Bambi almost choked. The subject seemed to fascinate her father.

“Is Mary married?” he inquired.

“Yes, quite. Quite married.”

“I forget whether she visited us, my dear.”

“No, Mary never came to Sunnyside.”

“What a pity the friendships of our young days pass away, isn’t it?”

“Not at all. It’s a blessing,” snapped Jarvis. “When you think of all the donkeys you played with in your youth—”

“Mary was not a donkey,” giggled Bambi.

“I wasn’t speaking of Mary,” he remarked.

“I thought you said you were going to lunch in your room to-day, Jarvis,” the Professor remarked.

“That was yesterday,” Bambi said quickly.

“Oh, I can never remember details.”

“I thought that was what you did remember,” challenged Jarvis.

“You refer to figures. They, are not details. They are of enormous importance,” began Professor Parkhurst.

“Now, children, let us not trot out the family skeleton. The ‘Heavenly Twins’ can talk from now until doomsday tolls on the importance or non-importance of mathematics. It’s as thrilling as modern warfare when they get started, but I can’t afford to let them go, because they get so excited.”

“Luncheon am served, Miss Bambi,” announced Ardelia.

Bambi led the way, with a sigh of relief. If she could only get through with it, and get the happy family out of the way! Jarvis must be punished for bad behaviour, and she set herself to the task at once. She turned her attention wholly upon Mr. Strong. She laughed and shined her eyes at him, referring to the dear, old days in the most shameless manner. She fairly caressed him with her voice, and his devotion capped her own.
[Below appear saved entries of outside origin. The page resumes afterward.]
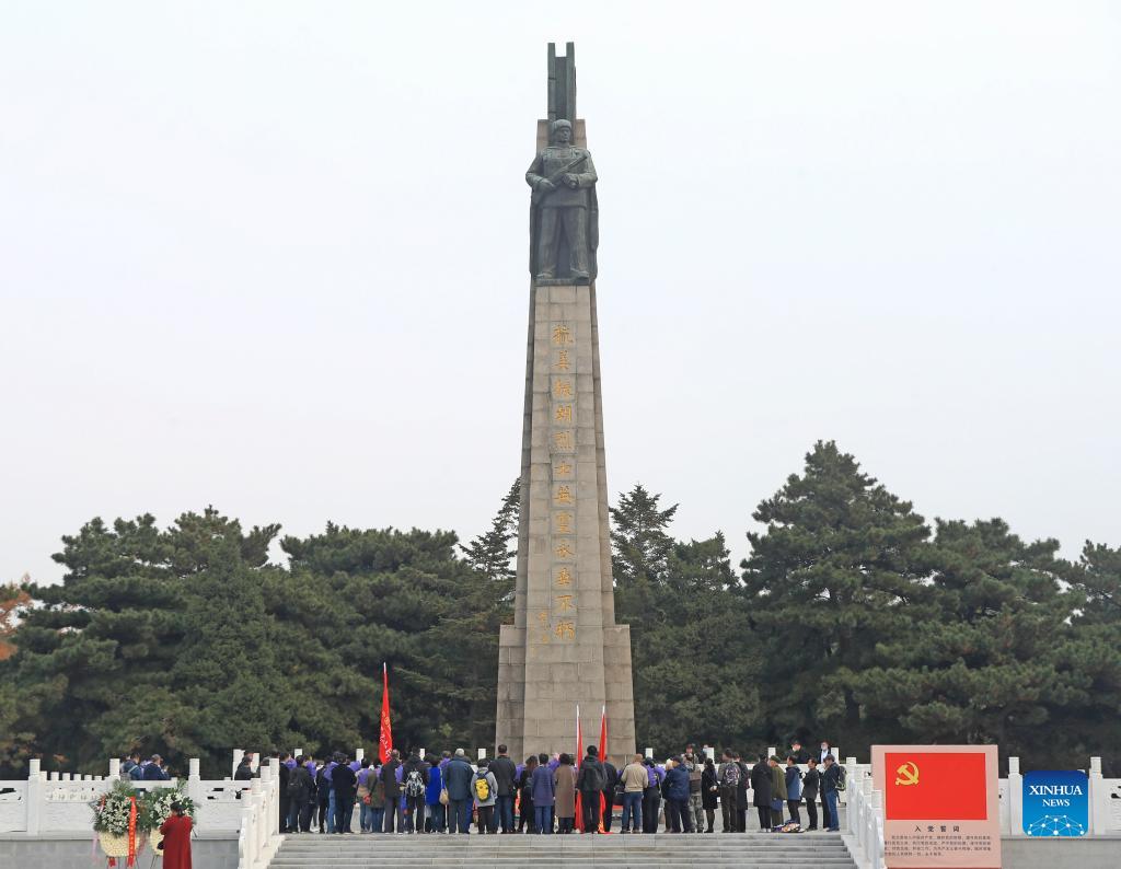 Family members of martyrs attend the commemoration ceremony at the Chinese People's Volunteers (CPV) martyrs' cemetery in Shenyang, northeast China's Liaoning Province, Oct. 25, 2021. A commemoration ceremony was held on Monday in memory of the 71th anniversary of the Chinese People's Volunteers (CPV) army entering the Democratic People's Republic of Korea (DPRK) in the War to Resist U.S. Aggression and Aid Korea. Representatives of CPV veterans and family members of CPV martyrs attended the ceremony. (Xinhua/Yang Qing)
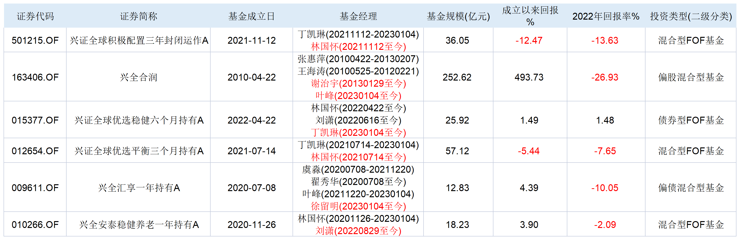 除了兴全合润混合发生基金经理变动外,1月4日,兴证全球基金还公告称,兴全优选进取三个月持有混合FOF、兴证全球优选稳健六个月持有债券FOF、兴全安泰稳健养老一年持有混合FOF、兴证全球积极配置三年封闭混合FOF-LOF、兴证全球优选平衡三个月持有混合FOF等5只FOF发生基金经理变动。
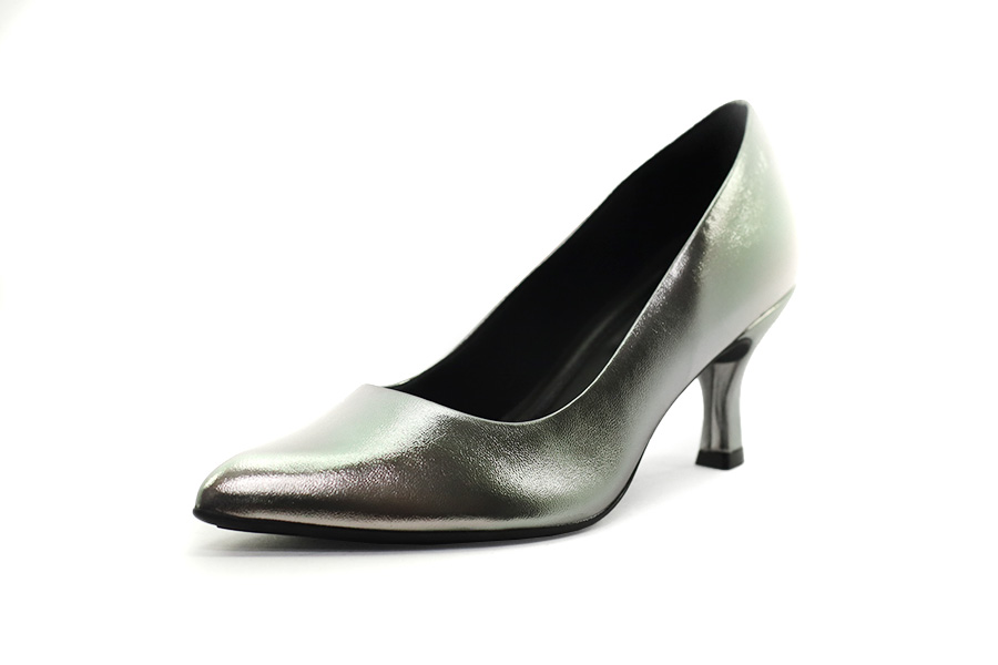 Dámské lodičky Piccadilly v metalickém cínovém odstínu s jemnými zeleno fialovými odlesky, šíře G, na stabilním podpatku vysokém 7 cm pro elegantní a pohodlné nošení.

The Professor ate his lunch oblivious to the comedy, but Jarvis scarcely touched his. Some new, painful thing was at work in him. He resented it every time this man looked at Bambi. He wanted to knock him down, and order her off to her room. Most of all, he was furious with himself for caring. He had the same instinct which possessed him in New York when he rushed to the club to sweep her out of his life, and so save himself. He determined to leave the moment luncheon was over. She must never know what a bad hour she had given him. Poor, ostrich Jarvis, with his head in the sands!

The luncheon was one of the most amusing events in Richard Strong’s experience, and as for Bambi, she was at her best. She enjoyed herself utterly, until coffee put a period to Act Two.